2017-10-10

Hope Rises Again! OECD Raises GDP Growth Estimates

A bigger wave of hope has arrived.

World Finance: The OECD expects the global economy to maintain growth momentum in 2018
The latest figures for economic growth showed a 3.6 percent annual growth in the second quarter, marking the strongest pace in more than two years. The last time economies showed such robust performance was in the first quarter of 2015, The Wall Street Journal reported.

In the next six to nine months, the US, Japan, Canada and the majority of European countries are expected to maintain “stable growth momentum”, according to the OECD. Others, such as Italy, are forecast to grow faster.

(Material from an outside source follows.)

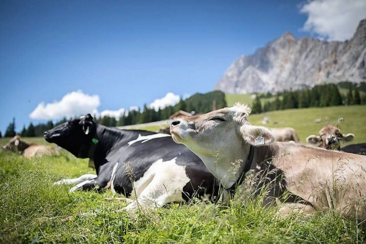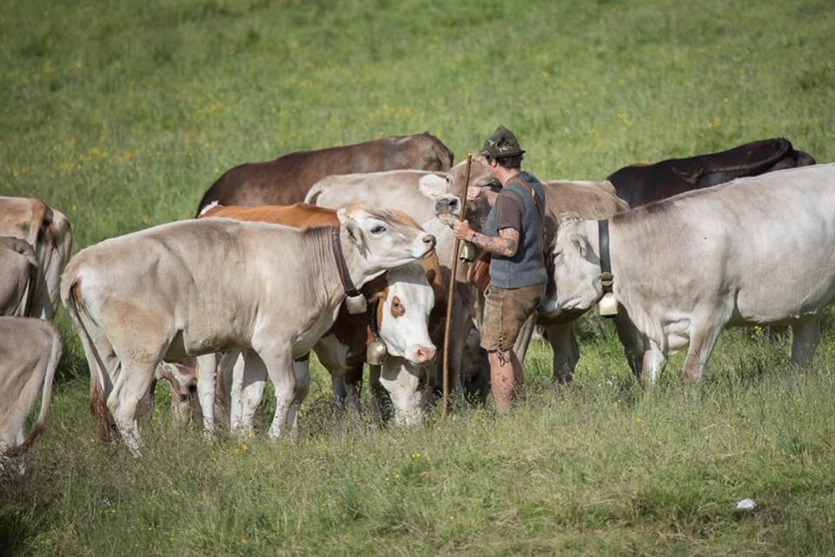 Ihre Feuertaufe als echte Almhirten haben sie längst hinter sich. Zu dem Almvieh sind inzwischen eigene Milchkühe dazugekommen. So war das früher immer, auf der Feldereralpe. „Wir melken, buttern und machen Graukas“, funkt er zu uns nach Mieming.

With regards to China, whose performance is a matter of concern worldwide, the report highlighted that the economy’s output will be boosted in the months ahead by strong performance in its industrial sector.
iFeng: OECD:全球主要经济体首次同步增长 或将摆脱经济阴霾
Every blip in copper reflects a moment of hope for the economy. We are in the middle of a much larger rebound today, one that offers new hope for the global economy. Underlying problems remain unsolved, however. The main issue remains credit growth, and there's no sign of a return to normal in the United States.
As I've said for much of the past 18 months, the rise in commodity prices such as copper is the best argument for a recovery. But until I see a good signal that growth is picking up, I'm sticking to a bearish view. The U.S. economy has grown far below potential for a decade now. A recovery will not be a blip, it will be a rip-roaring rally that sees wage growth climb 5+ percent, inflation rise above 3 percent and the Federal Reserve in panic mode. Under current conditions, President Trump's growth-via-negative strategy of removing illegal aliens, vastly reducing immigration and renegotiating trade is the fastest and surest way to restarting U.S. growth. Wage growth will spur inflation. That will spur investment as debt depreciates. Rising wages and inflation will accelerate capital investment in labor-saving productivity growth. It will be messy, but short of a "white swan" there is no clean exit. There is no restarting a global system that requires a further reduction in developed living standards.